- [What you should do]
Pictures are to be dropped. Everything else in the listing gets copied exactly.

*** Data section ***

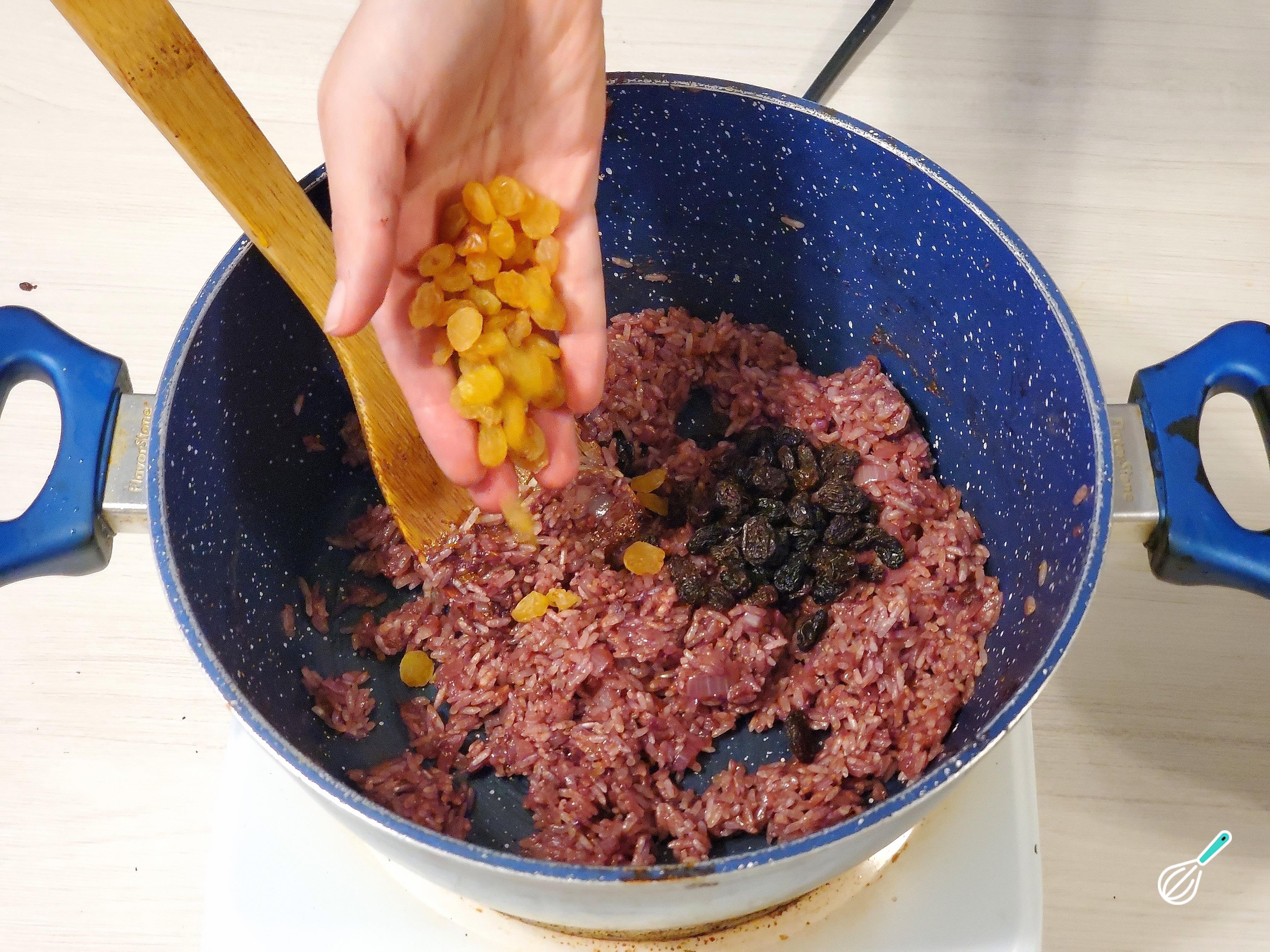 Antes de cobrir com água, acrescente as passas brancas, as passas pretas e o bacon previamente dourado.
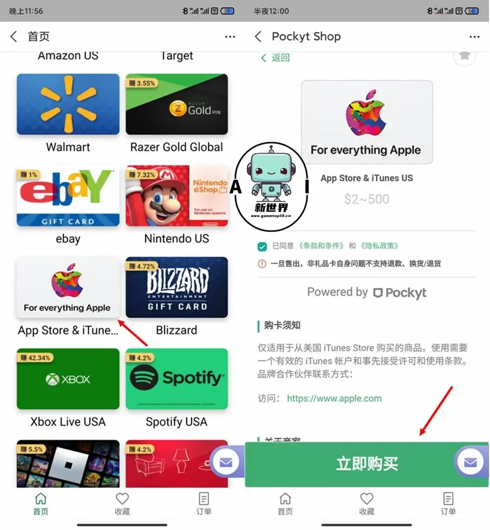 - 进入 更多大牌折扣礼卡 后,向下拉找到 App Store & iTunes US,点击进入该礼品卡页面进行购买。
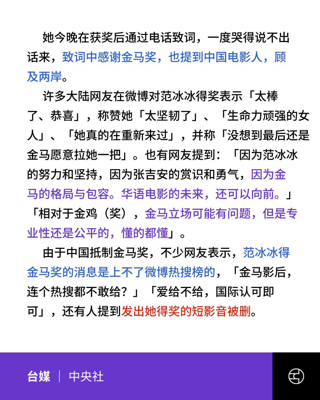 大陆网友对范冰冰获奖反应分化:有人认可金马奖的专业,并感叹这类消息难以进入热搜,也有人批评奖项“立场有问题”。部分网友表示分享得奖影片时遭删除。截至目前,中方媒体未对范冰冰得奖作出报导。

*** End of Data section ***

- [Answer to this exercise]
 Antes de cobrir com água, acrescente as passas brancas, as passas pretas e o bacon previamente dourado.
 - 进入 更多大牌折扣礼卡 后,向下拉找到 App Store & iTunes US,点击进入该礼品卡页面进行购买。
 大陆网友对范冰冰获奖反应分化:有人认可金马奖的专业,并感叹这类消息难以进入热搜,也有人批评奖项“立场有问题”。部分网友表示分享得奖影片时遭删除。截至目前,中方媒体未对范冰冰得奖作出报导。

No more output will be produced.